# SOURCE INFORMATION
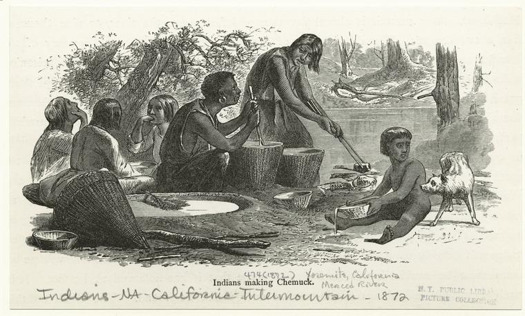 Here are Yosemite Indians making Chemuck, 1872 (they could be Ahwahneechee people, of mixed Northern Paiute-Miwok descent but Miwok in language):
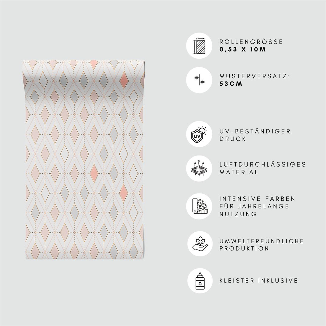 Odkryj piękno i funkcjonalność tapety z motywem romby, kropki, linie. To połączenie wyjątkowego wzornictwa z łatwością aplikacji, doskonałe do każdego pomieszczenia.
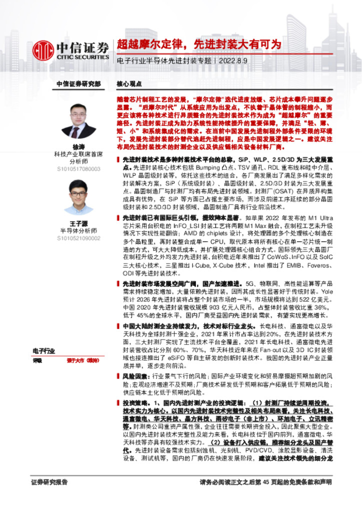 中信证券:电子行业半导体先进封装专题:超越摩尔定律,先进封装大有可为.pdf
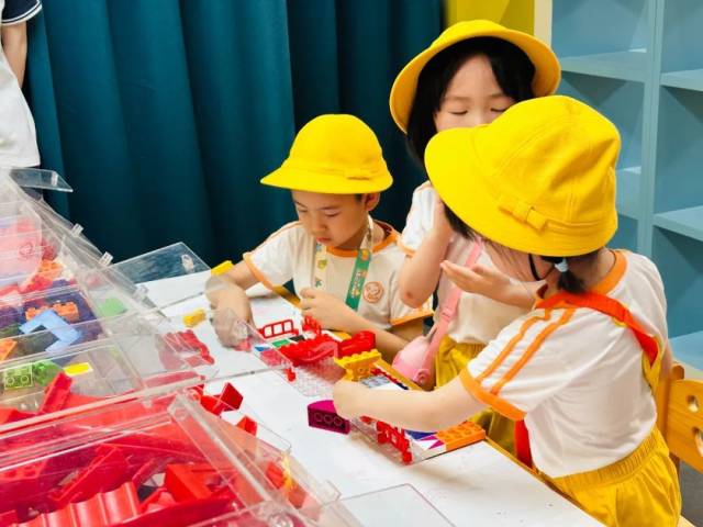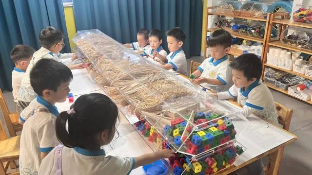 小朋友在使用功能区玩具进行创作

...

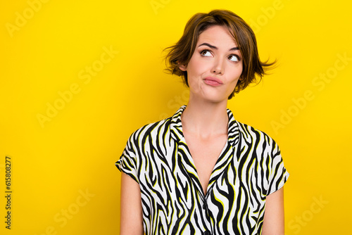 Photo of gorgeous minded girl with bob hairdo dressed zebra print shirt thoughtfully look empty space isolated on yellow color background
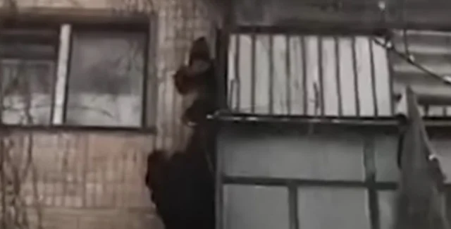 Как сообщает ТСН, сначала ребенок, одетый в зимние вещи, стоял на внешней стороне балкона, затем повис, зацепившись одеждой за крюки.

# DIRECTIONS
In the listing above, find the line with "Here are Yosemite" and the line with "小朋友在使用功能区玩具进行创作". Set down both and every line between them, minus the pictures.

# SOLUTION TO THE EXERCISE
 Here are Yosemite Indians making Chemuck, 1872 (they could be Ahwahneechee people, of mixed Northern Paiute-Miwok descent but Miwok in language):
 Odkryj piękno i funkcjonalność tapety z motywem romby, kropki, linie. To połączenie wyjątkowego wzornictwa z łatwością aplikacji, doskonałe do każdego pomieszczenia.
 中信证券:电子行业半导体先进封装专题:超越摩尔定律,先进封装大有可为.pdf
 小朋友在使用功能区玩具进行创作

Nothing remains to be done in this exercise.